Your mice are absolutely gorgeous.


----------



## Pamplemousse (Apr 9, 2012)

Thought I'd have a new little photoshoot while they were out being doted on by my partner today. Quite pleased with the results, they're such posers!

Ellis


Elizabeth looking a bit too much like a gremlin


Shelley

Shelley and Ellis hanging out

Investigations...(yeah, they're fascinated by that tape roll!)

Shelley, Queen of brains


----------



## Pamplemousse (Apr 9, 2012)

Thanks for the lovely comments everyone


----------



## besty74 (May 26, 2012)

you are very good with the camera


----------



## Pamplemousse (Apr 9, 2012)

Hee thank you! Don't be too impressed though...some come out like this...

and another large chunk are just a chocolatey blur with a tail.

Top tip: take loads of photos and don't display the failures! (looks like I've failed at that now  )


----------



## madmouse (May 19, 2012)

What excellent photos! The lighting is so good for indoors. The mice are absolutely adorable. I like Shelley's taste in books


----------



## Pamplemousse (Apr 9, 2012)

If only she hadn't done a wee all over page 90's diagram of the limbic system 

Thanks, they're so lovely (and came from besty!)


----------



## christina (Jun 4, 2012)

theyre Beutiful!! <3


----------



## Mels (Sep 29, 2012)

Beautiful mice  Elizabeth is totally scrummy, what variety is she?

Mel


----------



## Pamplemousse (Apr 9, 2012)

Hi Mel,

I have to agree! She's a pet-standard agouti...I think the bright pink nose and paws, white whiskers and dark back stripe just add to the cute.


----------



## Pamplemousse (Apr 9, 2012)

If you ever come over to our place and we offer you fruit, don't accept it...















We also weighed them during this shoot. Elizabeth weighs 55g, Shelley 48g and Ellis 47g. I think someone's been eating all the pies. I'm also guessing they're all a bit porky for pets, but my partner wont stop shoving mealworms and millet and pasta through the bars like some overzealous father


----------



## genevie (Mar 11, 2012)

Pamplemousse said:


> Top tip: take loads of photos and don't display the failures! (looks like I've failed at that now  )

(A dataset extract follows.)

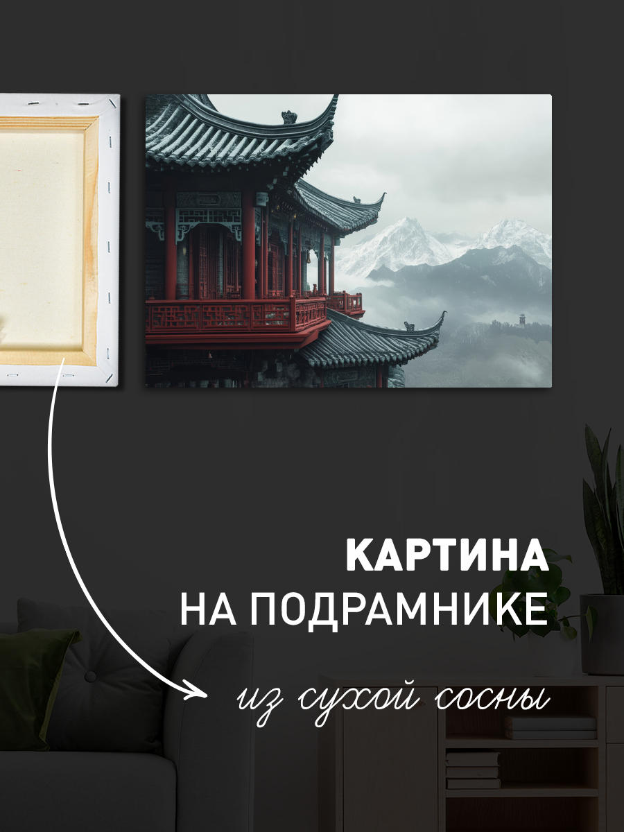 Описание: Картина 50 на 70 'Восточная гармония' представляет собой великолепный пейзаж, где величественные горы с покрытыми снегом вершинами возвышаются над древними восточными зданиями, утопающими в красоте осенних деревьев. Эта картина погружает зрителя в атмосферу спокойствия и умиротворения, воплощая в себе уникальное сочетание природы и архитектуры. Яркие оттенки голубого неба и белоснежных облаков контрастируют с теплым красным и розовым цветами деревьев, создавая гармоничное ощущение баланса. Каждый элемент картины вызывает чувство восхищения и вдохновения, напоминая о красоте мира вокруг нас. Она способна вызвать глубокие эмоции, такие как спокойствие и умиротворение, что делает её идеальным дополнением для вашего домашнего или офисного пространства. Эта картина будет прекрасно смотреться в интерьере, наполненном восточной тематикой, или в современном минималистичном пространстве, где акцент на искусстве создает атмосферу уюта и гармонии. Она может стать центральным элементом декора в гостиной, спальной или даже в офисе, привнося в пространство нотку вдохновения и позитивной энергии. 'Восточная гармония' — это не просто картина, это стиль жизни, который вы можете пригласить в свой дом. Позвольте этой картине стать вашей личной оазисом спокойствия и красоты.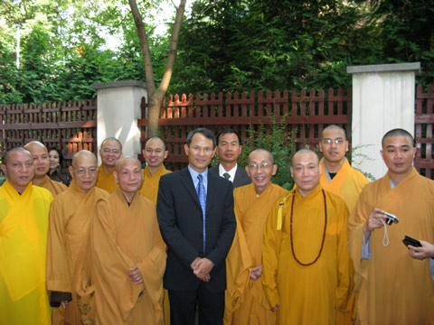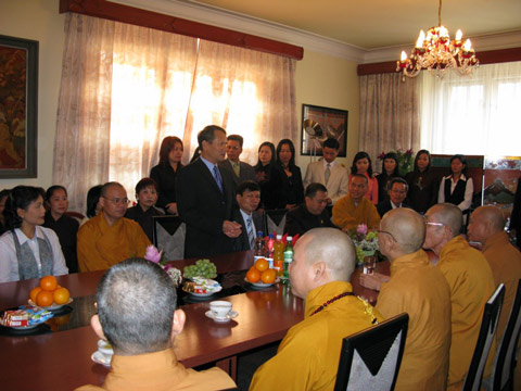 Đại sứ Vương Thừa Phong và chủ tịch Hội người Việt ông Hoàng Đình Thắng cùng bà con Phật tử rất vui mừng cảm động, vì lần đầu tiên chư Tôn đức lãnh đạo TW Giáo hội Phật Giáo Việt Nam đến thăm cộng đồng Việt Nam tại CH Séc.

Haha this is what I always do with my squirmy little hamster! 90% of them come out blurry or just plain terrible, but the 10% I show people are too adorable for words 

I love that little head peaking out from a banana


----------



## bubbles&amp;squeak (Jun 17, 2012)

Your 'Shelley' looks exactly like my 'Bubbles' <3
I love Elizabeth - adorably chubby  
And Ellis has lovely markings  x


----------



## andypandy29us (Aug 10, 2012)

fab pics .... love the banana one


----------



## besty74 (May 26, 2012)

more great photos
very nice


----------



## Pamplemousse (Apr 9, 2012)

Thank you  If you peep closely you can see another nose poking out from under all that fruit! They nested under those bananas and weren't happy when I poked them out to try to get more exciting photos.

Bubbles, do you have pics of your Bubbles on here? I'm always spotting Shelley-a-likes!


----------